The Kansas lawsuit involves natural gas trades on the Southern Star trading hub, where prices spiked to more than $622 per unit during the storm. Part of that market includes Oklahoma. Extreme cold led to unprecedented demand for natural gas for heating and electric generation. But Kobach’s lawsuit said the price spikes didn’t make sense. 

“These conditions understandably led to increased natural gas prices during this time,” the lawsuit said. “However, the natural gas prices and benchmark prices in multiple Mid-Continent locations — and Southern Star particularly – were not readily understandable: but rather, as aptly described by the American Public Gas Association, ‘unprecedented and unthinkable.’”

Most of Oklahoma’s utilities got their gas from the OneOK Transmission hub, where prices spiked to $1,250 per unit, according to the federal Energy Information Administration. Prices before the storm were between $2 and $3 per unit. 

Kobach’s lawsuit said Macquarie’s market size gave it “the ability to manipulate benchmark Southern Star Gas Daily price through manipulative trading of Southern Star physical gas.” Macquarie was one of the largest suppliers of natural gas to Kansas’ main gas utility, Kansas Gas Service, a sister company to Oklahoma Natural Gas. 
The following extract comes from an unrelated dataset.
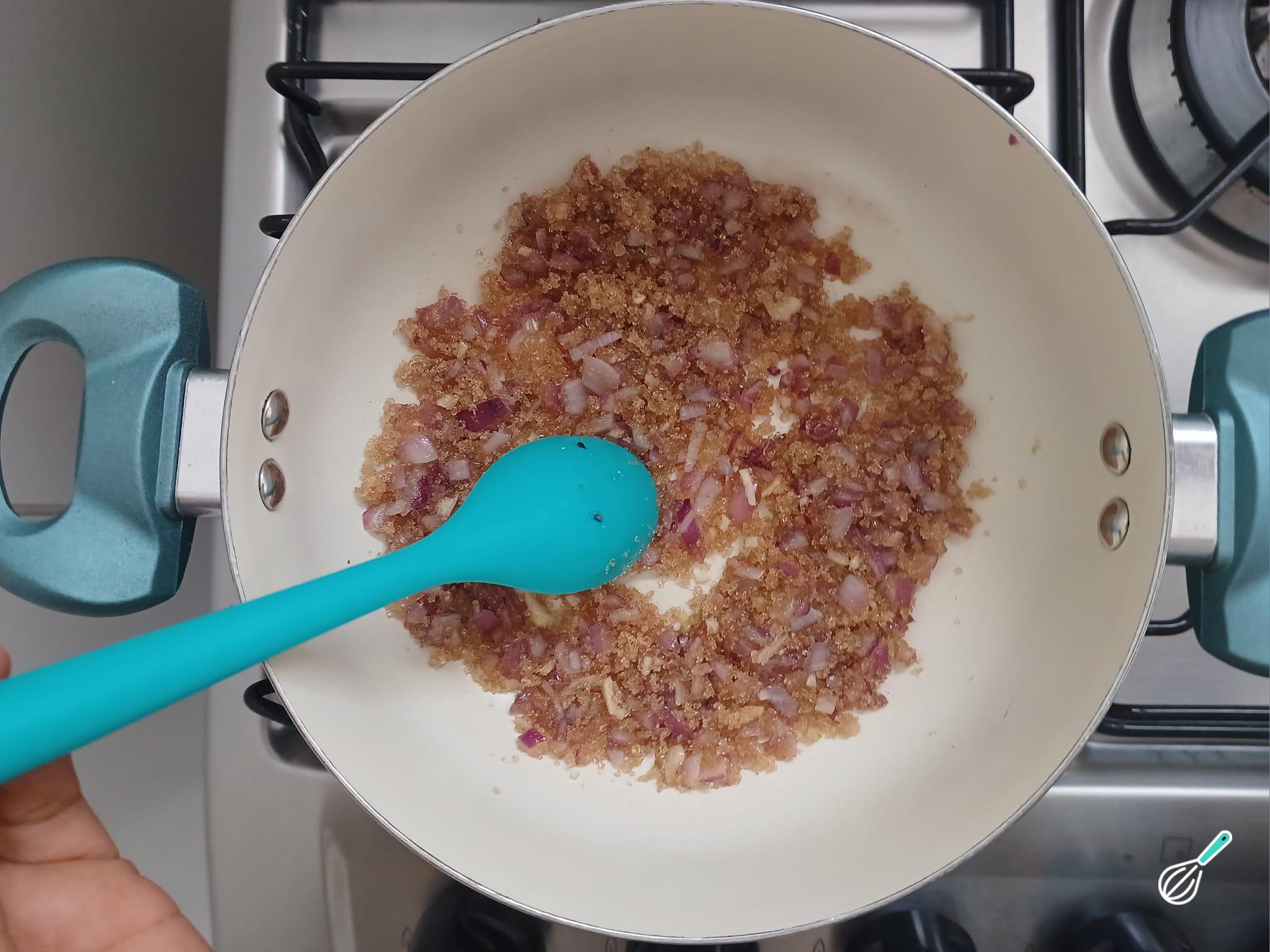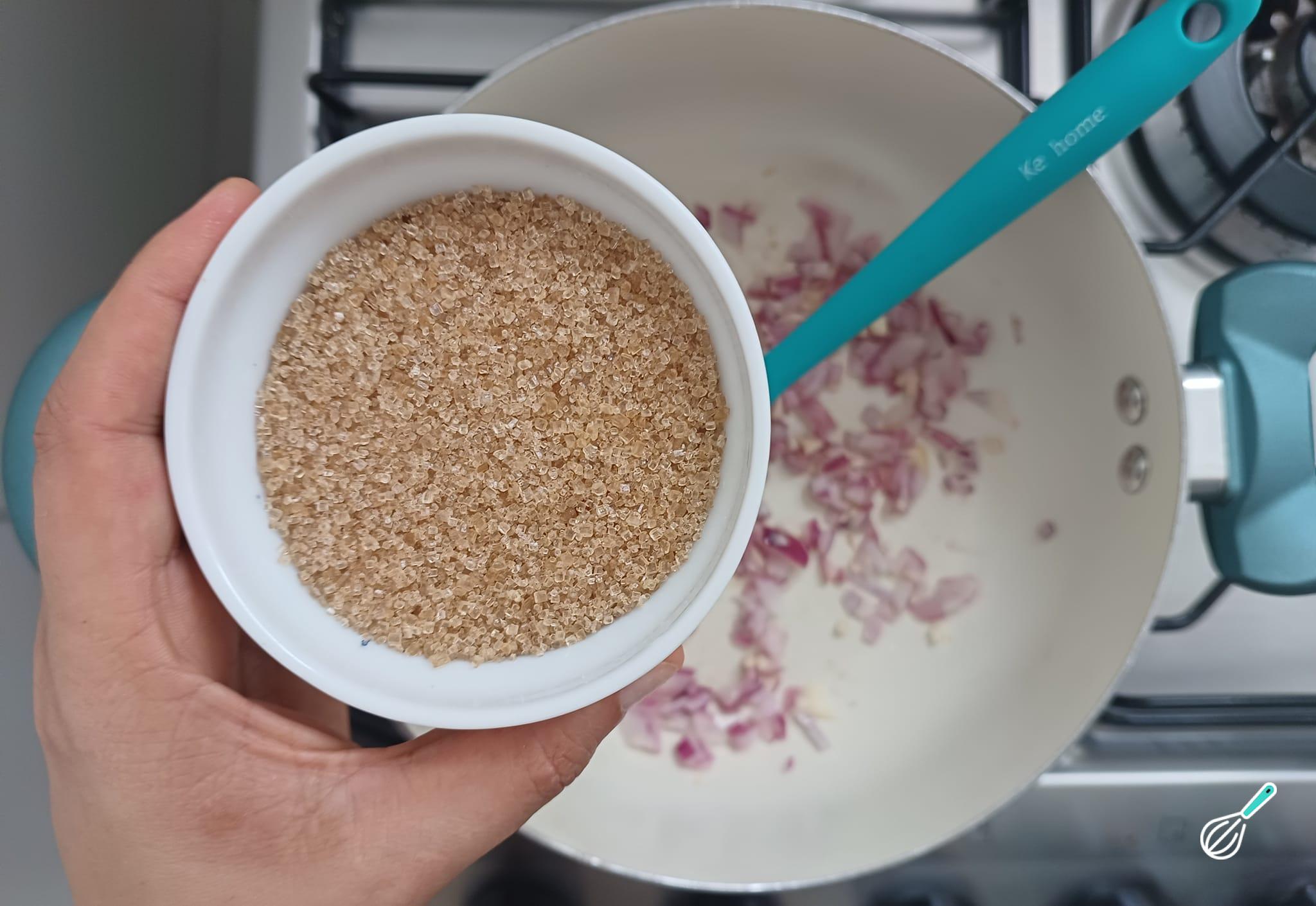 Depois que refogar um pouco, adicione o açúcar e deixe cozinhar em fogo baixo.

“At Oklahoma Natural Gas, our focus continues to be delivering natural gas safely and reliably to our customers,” read a statement emailed Thursday by ONG public relations manager Chad Previch.  “We cannot speak about other organizations’ operations.” 

The Kansas lawsuit alleges wrongdoing under a federal law, the Commodities Exchange Act. It said Kansas customers paid at least $50 million more for natural gas because of Macquarie’s actions. The lawsuit was filed in Shawnee County, Kan. 

The Federal Energy Regulatory Commission is still investigating possible market manipulation during Winter Storm Uri.  

Oklahoma Corporation Commissioner Bob Anthony, who has questioned Oklahoma utilities’ response to the winter storm and their purchases of natural gas, said the Kansas lawsuit shows that state officials can act and don’t have to wait for federal investigators. 

“In my opinion, to do any less than our absolute best to find the true sources of these extreme costs and examine the prudence in the context of appropriate market rates and industry best practices would be a dereliction of our duty to the ratepayers of Oklahoma,” Anthony said in a deliberation statement filed Thursday at the Corporation Commission.

Separately, the Corporation Commission voted 2-1 earlier this week to hire an independent consultant to review fuel purchases made by OG&E, PSO and ONG in 2021. That examination wouldn’t include most fuel costs during Winter Storm Uri. Those fuel costs have already been deemed “prudent” in the ratepayer-backed bond cases that were approved in 2022. 

The ratepayer-backed bond cases for utility fuel costs during the 2021 winter storm all include provisions that would “claw back” money from companies found to be manipulating market prices during Winter Storm Uri. 

Commission Chairman Todd Hiett said he had full confidence in the public utility division staff’s annual review of the fuel costs. But he said the large amounts – more than $1.75 billion from the three utilities in 2021 – necessitated the review of the fuel purchased for the rest of 2021. The public utility division and the attorney general’s office, which represents consumers in utility cases, would work together to select a consultant. 

Anthony, who earlier called for a consultant to review all fuel charges from 2021, voted against the plan proposed by Hiett. New Commissioner Kim David, who took office in January, voted for the proposal. 

“This is a poor approach,” Anthony said at the Feb. 28 meeting. “It’s limited. It’s restricted, and it ties the hands of a consultant. It seems to be cosmetic more than a substantive effort to give an honest and thorough assessment.”